I've been working with AI agents daily for the past few months – building them, testing them, using them for everything from email triage to meeting prep. I thought I had a pretty clear picture of what they're good at and where they fall short. I designed the skill system myself, reviewed every integration, mapped out every capability 😄
But a few times the agent genuinely surprised me. I'd throw some random life problem at it – something I never designed it for – and watch it figure things out using tools that were originally built for completley different purposes.
Here are five of those moments.
1. "Can you add subtitles?"
I record short videos for my personal social media – just me talking to a camera for a minute or two. Subtitles were always the most tedious part of the process: export the video, upload to a transcription service, wait, download the subtitle file, import into a video editor, adjust timing, re-export. Twenty minutes minimum for a two-minute clip. I'd skip it half the time, which meant lower engagement on every video.
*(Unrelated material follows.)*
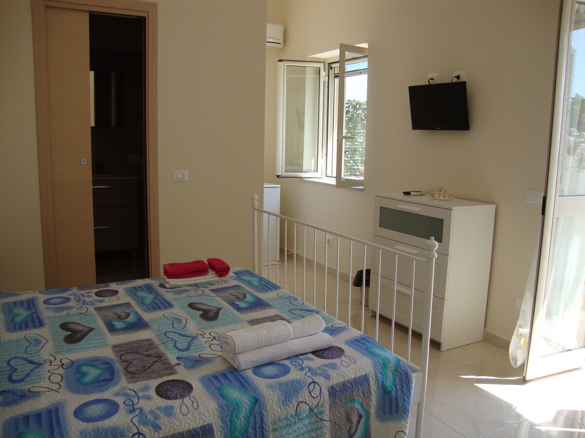 Comode camere con bagno che si affacciano su una veranda che domina il piccolo golfo. Due camere con bagno e veranda sul mare. Quando vi affaccerete dalla luminosissima veranda davanti al vostro letto, per godere del paesaggio e degli orizzonti del Mediterraneo.
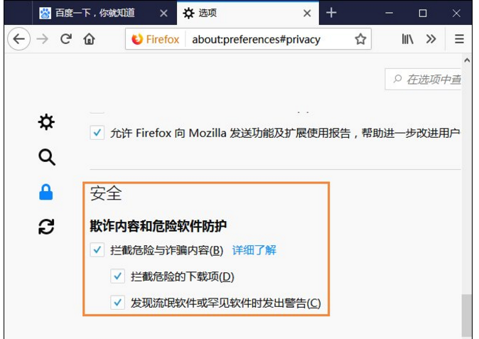 开启火狐浏览器钓鱼保护后,可以保护我们的个人信息安全、网银交易安全等,避免接触钓鱼网站和罕见、可疑文件的下载。

One morning I was running late and just sent the raw video to my assistant in Telegram: "Can you add subtitles?" I didn't think it through. I just asked.
Three minutes later, the assistant sent the video back. Subtitles burned in. Timing synced. Clean.
What happened under the hood: the assistant extracted the audio track from the video with ffmpeg, sent it to Whisper for transcription with timestamps, wrote a Python script on the fly to convert the Whisper output into .srt subtitle format, then ran ffmpeg again to burn the subtitles back into the video with white font and positioning. Four tools chained together, none of which were designed for "subtitling." Whisper was built for transcription. ffmpeg was available in the sandbox for general media processing. The assistant connected them because the request made the connection obvious.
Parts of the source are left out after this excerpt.